Saya Moriyasu, Paper Politics


Though not generally considered high art, the humble but necessary table lamp gets its due in Moriyasu's enchanting new installation, which dominates the darkened interior of Platform Gallery. Arranged on a pyramid of tables of her design, the ceramic figures in "Lamplight Lavish Gathering" are a menagerie of characters, all shedding a little light on things: Rough-cut faces of women, cowgirls, and little owls glow in the dim space. Like an antiques show from a parallel universe, Moriyasu's installation proves that objects that are functional or inspired by craft can still make for compelling and intellectually rich art. Platform Gallery, 114 Third Ave. S., 206-323-2808. 11 a.m.-5:30 p.m. Thurs.-Sat. Ends Sat. May 7.

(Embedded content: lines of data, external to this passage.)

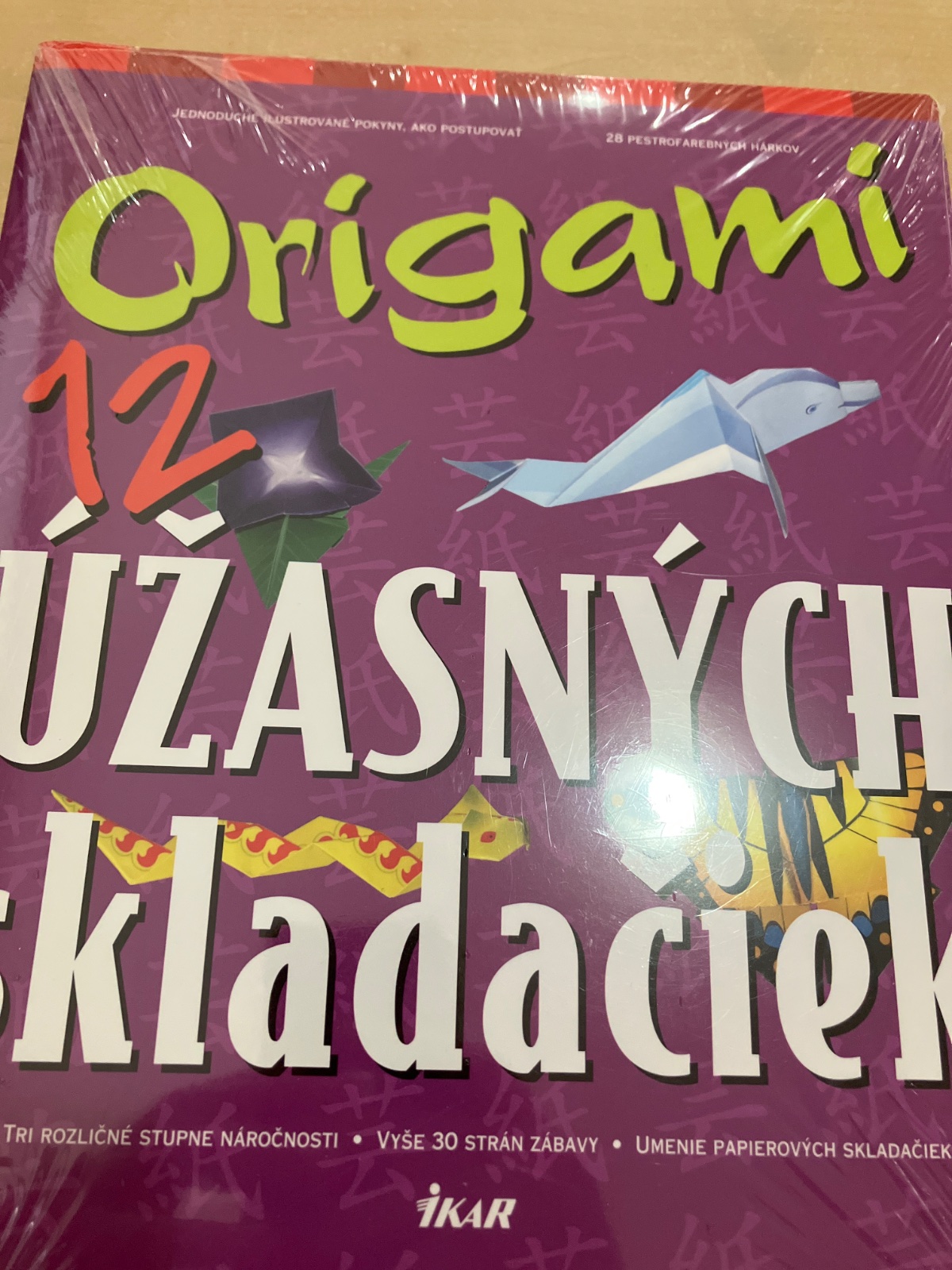 Rôzne origami skladačky , vnutri aj papiere, tri stupne náročnosti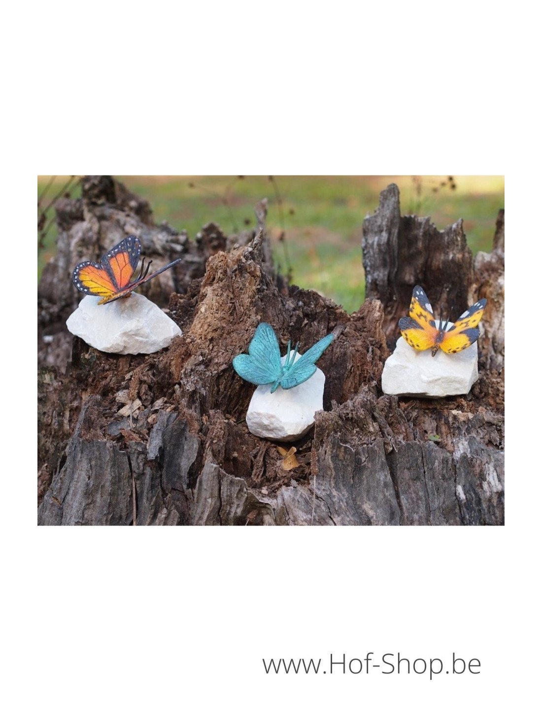 Papillon coloré sur pierre - statue en bronze (AN0748BR-P)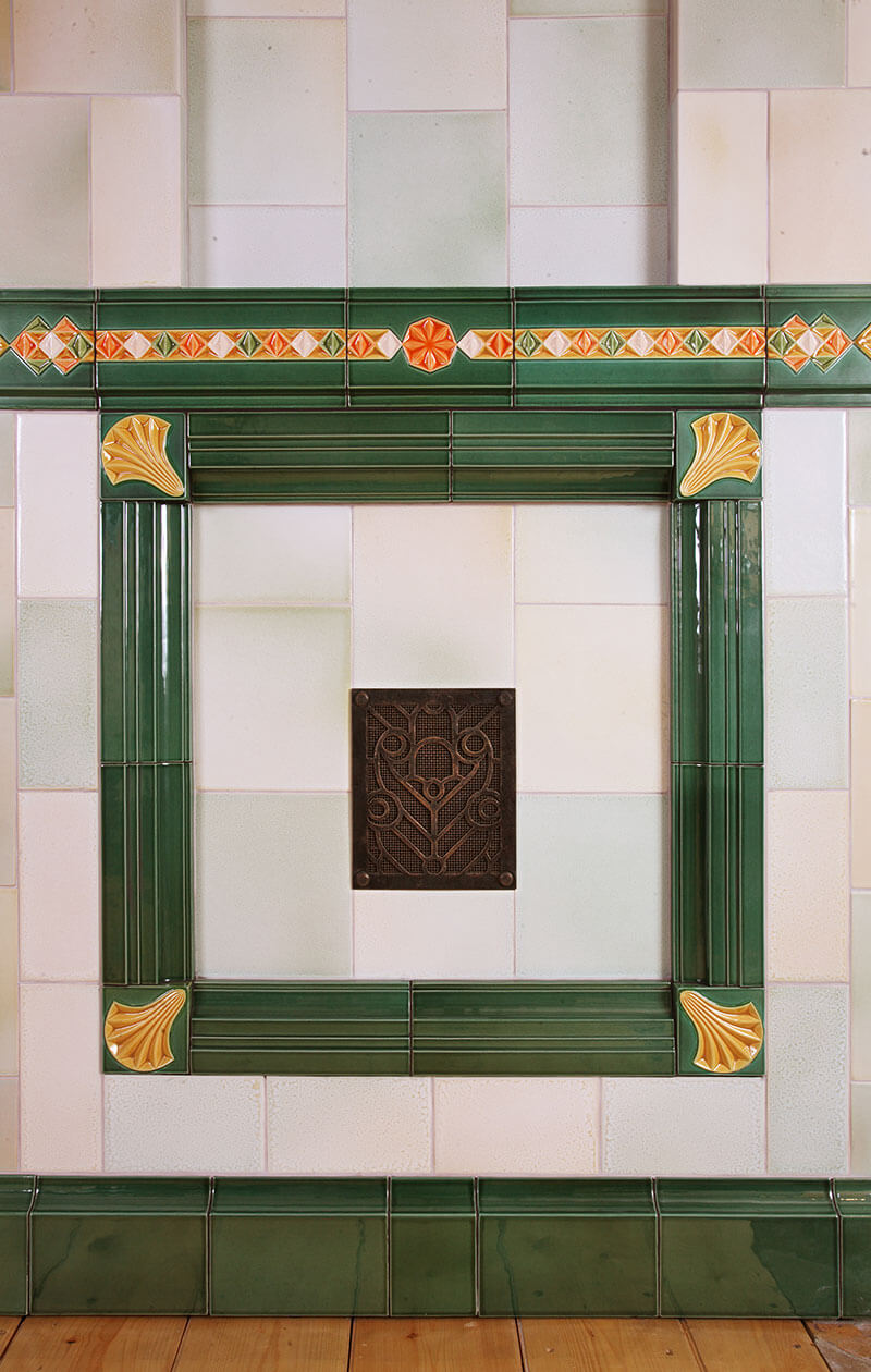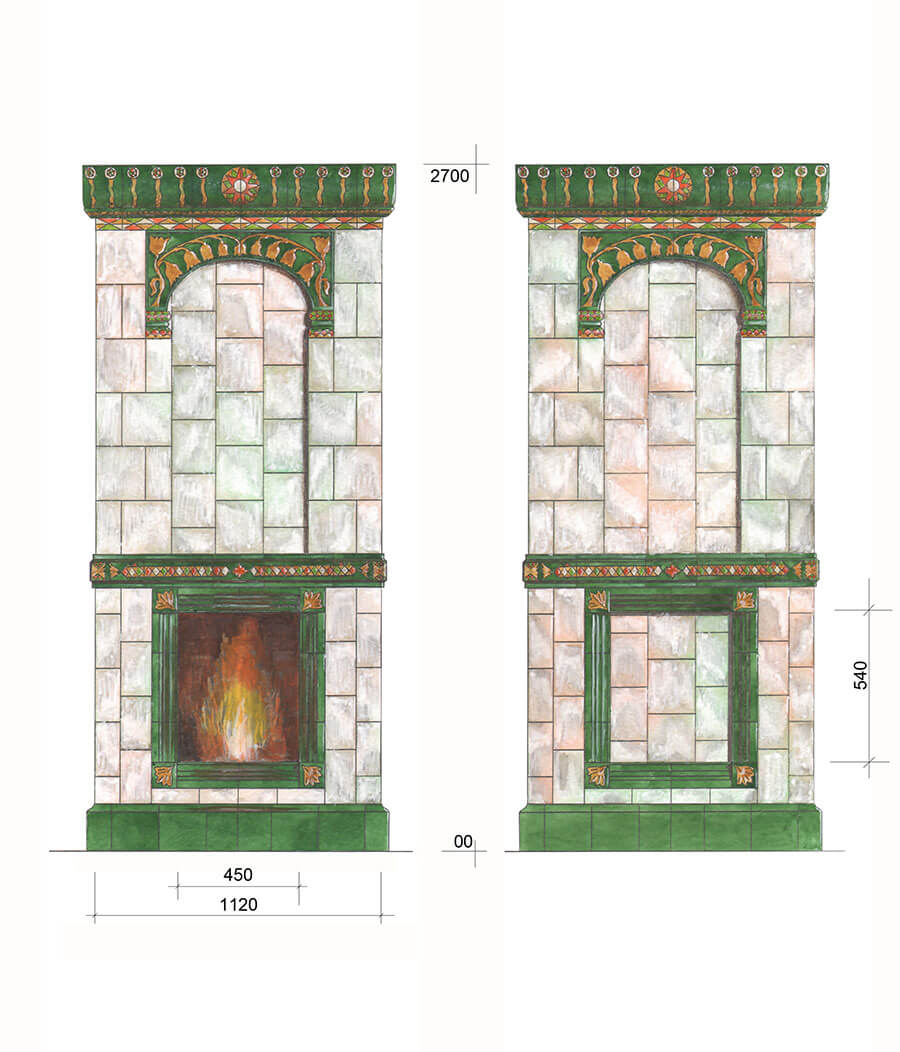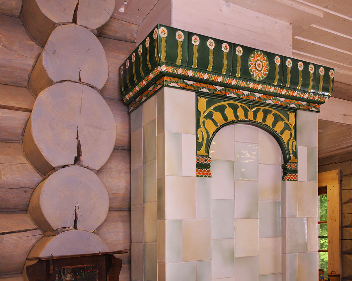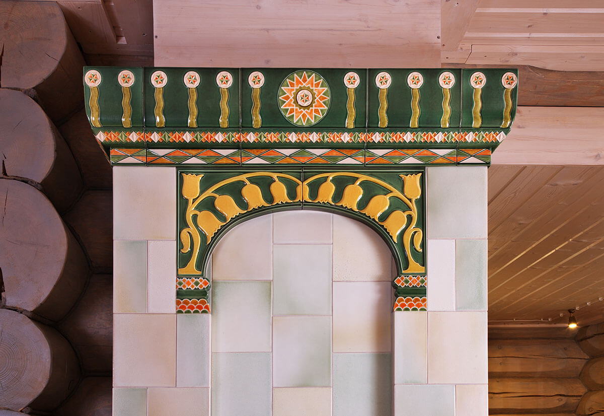 В изразцовом воплощении мы использовали фрагменты мебели Е. Д. Поленовой в поясах, порталах и в короне камина. Фоном для орнаментальных изразцов послужили гладкие изразцы, декорированные светлыми потечными глазурями. Фоновые гладкие изразцы тонально отличаются друг от друга.

Most political art is boring. Spouting a polemic usually kills all the ambiguity and nuance that make good art so rewarding. But occasionally you need a jolt of good, old-fashioned protest. This international show of prints with radical, antiwar, or activist intent demonstrates just how varied the contemporary political print can be. Some of the stuff is didactic, in the anti-WTO, "war is people," "prisons equal slave ships" vein. But there are plenty of surprises, too. A few favorites: Bob Freimark's near-abstract lithograph of Kuwait oil derricks, Dionne Haroutunian's writhing Self-Portrait in Times of War, Karen Fiorito's Madonna of the Bomb (pictured), Jason Uraban's clever juxtaposition of Stalin and Tom Selleck, and Mike Stephen's bizarre dream of Fozzie Bear attacking George W. Bush. Phinney Community Center, 114 Third Ave. S., 206-323-2808. 11 a.m.-5:30 p.m. Thurs.-Sat. Ends Sat. April 29.